By the mid-19th century, the Blue Licks area had become a health resort, due in large part to the nearby saltwater springs that had been used for "salt making" since the 1770s. The mineral water found in the springs was rumored to cure everything from asthma to gout. By 1896, however, the area's last spring had gone dry. Efforts to locate another spring unearthed several geological and historical artifacts. A more extensive excavation of the area was conducted in 1945.

The battlefield was once on the National Register of Historic Places, but the National Park Service American Battlefield Protection Program determined in the 1990s that the site's integrity was too destroyed, causing the removal of the battlefield from the Register. However, a team from Morehead State University is to search the battlefield using modern equipment to explore for artifacts relating to the battlefields.
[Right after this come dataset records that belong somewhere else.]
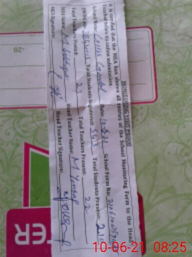 | Certified that this School was Inspected by the Undersigned MEA/DMO Today and the Information Stated Above is as Per Record. | |||||
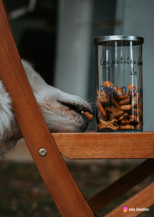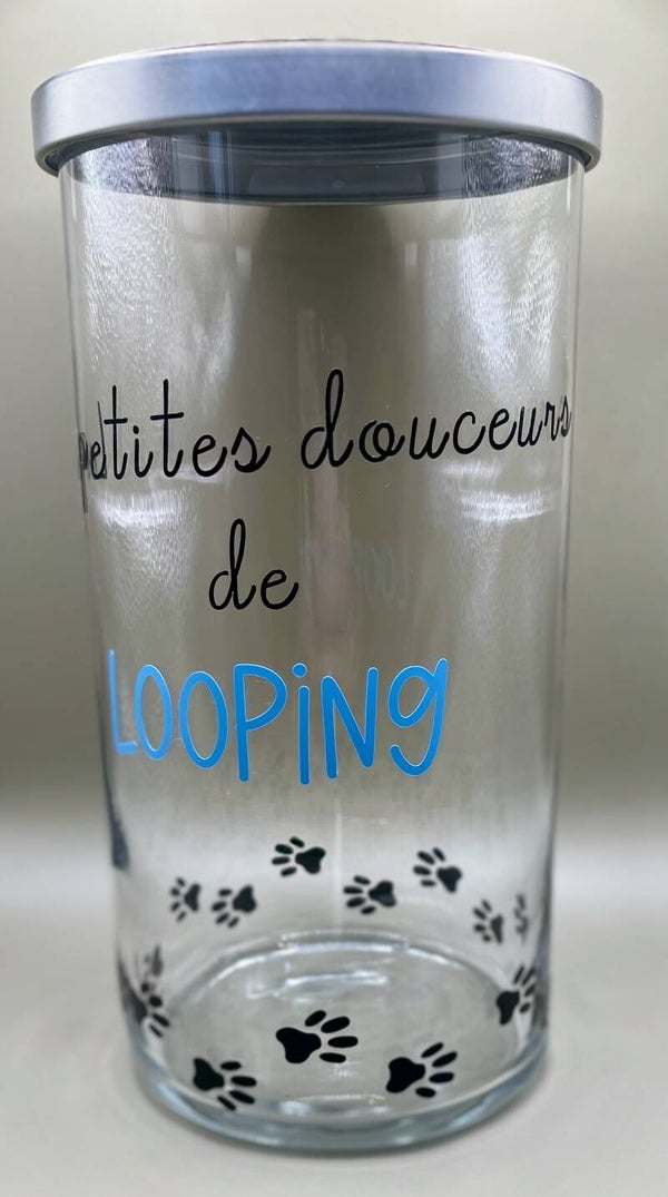 Pot de conservation pour les friandises ou autres de votre poilu.Couleur du prénom au choix.La partie en verre passe au lave vaiselle.Contenance: 1285ml
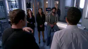![]() Chuck and Casey confront the murder suspects: Josie, Director Bentley, Damien, and Lewis. | |
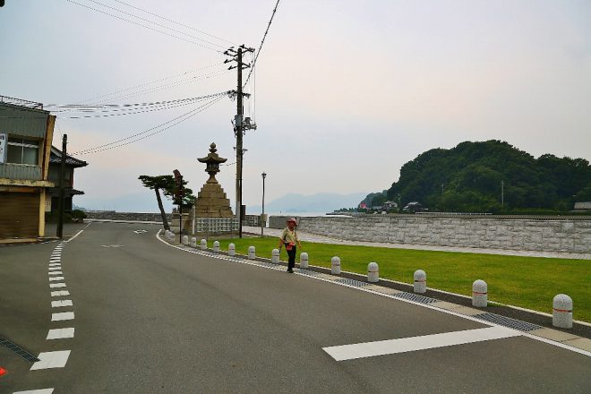 港の向こうには近代的な橋の一部が。そう、ここ生口島はしまなみ海道(来島海峡大橋)により交通アクセスが一変。船から車へ、海から陸へ、転換を余儀なくされたスポットなのでした。

Enough success in this endeavor could mean the return of the battlefield to the Register.

==Activities and amenities==
The park is located along the Licking River, and offers canoeing and fishing. The Licking River Trail offers a one-mile (1.6 km) hike along the riverbank. Overnight stays are accommodated at the 32-room lodge or the 51-site campground.

===State Nature Preserve===
The park also features a 15 acre nature preserve containing a cedar glade, managed by the Office of Kentucky Nature Preserves. This glade was previously maintained as an open area by the large numbers of herbivores, such as bison, elk, and woolly mammoths who frequented the area. Today much of the glade has transitioned into forest, but the remnant areas are being maintained by controlled burns and removal of Eastern redcedar. These remnants are home to the federally endangered Short's goldenrod and the state threatened Great Plains Ladies'-tresses.

===Pioneer Museum===
The Pioneer Museum is the park's major attraction. It houses a variety of artifacts, from a mastodon tooth found during an excavation of the site to relics from the American Civil War. Exhibits focus on the area's natural and cultural history, including prehistoric animals and fossils, area Native Americans and 18th century pioneers, as well as a diorama of the battle. The museum was dedicated in 1931, saw renovations completed in 2007, and was closed for restoration as of 2014.

===Events===
The Battle of Blue Licks celebration is held annually in mid-August and features a re-enactment of the Battle of Blue Licks.

The Short's Goldenrod Festival—a celebration of one of the rarest plants in Kentucky and the United States—saw its 30th anniversary in 2006. It was held annually in the last week of September until 2008.